I was talking with one of the guys from church the other day. He said sometimes he has a hard time believing that Jesus is God. I asked him: “What if Jesus was like he’s described in The Bible, but he wasn’t God, and he knew he wasn’t God?” I suggested that he would have been a very bad guy if he did that. His apparent wisdom and power to do miracles would have had an evil source. He would have been pretending to love even the most cast out people in his environment.
We agreed that Jesus doesn’t seem like that kind of person.
Then I asked him to consider a different possibility. A guy named Jesus was a unique individual, and a lot of people thought he was going to change the world, but things didn’t work out. Jesus was killed, and as time went on, they began to make him into a legend. Many people believe that is what happened, but I think Holy Spirit showed me a huge problem with that: we cannot even make up someone as good and great as Jesus of Nazareth. In the thousands of years, before and after Jesus’ life on earth, people have been making up heroes, from Achilles to Beowulf, from Luke Skywalker to Harry Potter, and none of them are anywhere even close in character, power, wisdom, and compassion to Jesus.
Harry Potter loves his friends. He stands against evil and saves the world–7 times, but he doesn’t eat dinner at Voldemort’s house. Luke Skywalker can move things with his mind and trick dumb creatures into following his will, but he doesn’t feed 5,000 people with a padawan’s lunch. Winnie-the-Pooh is so kind that he invites homeless Piglet to come live with him, but we all know Pooh is not very smart, and he cannot walk on water.

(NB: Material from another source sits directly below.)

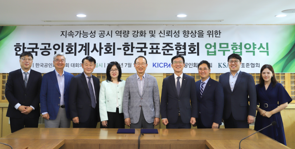 한국공인회계사회는 한국표준협회와 15일 서울 서대문구 한국공인회계사회 대회의실에서 '지속가능성 공시 역량 강화 및 신뢰성 향상을 위한 업무협약'을 체결했다고 밝혔다.

How is it that in all these thousands of years, no writer has been able to conceive of someone greater than Jesus Christ? Jesus is the greatest, and, what the Bible says about him, it’s all true. Colossians 1:15-20 has a great praise report about who Jesus is: “He is the image of the invisible God. . . supreme over all creation. . . all things were created through him and for him. . . he holds all creation together. . . the fulness of God was pleased to dwell in him. . . through him God reconciled everything to himself. He made peace with everything in heaven and on earth by means of Christ’s blood on the cross.”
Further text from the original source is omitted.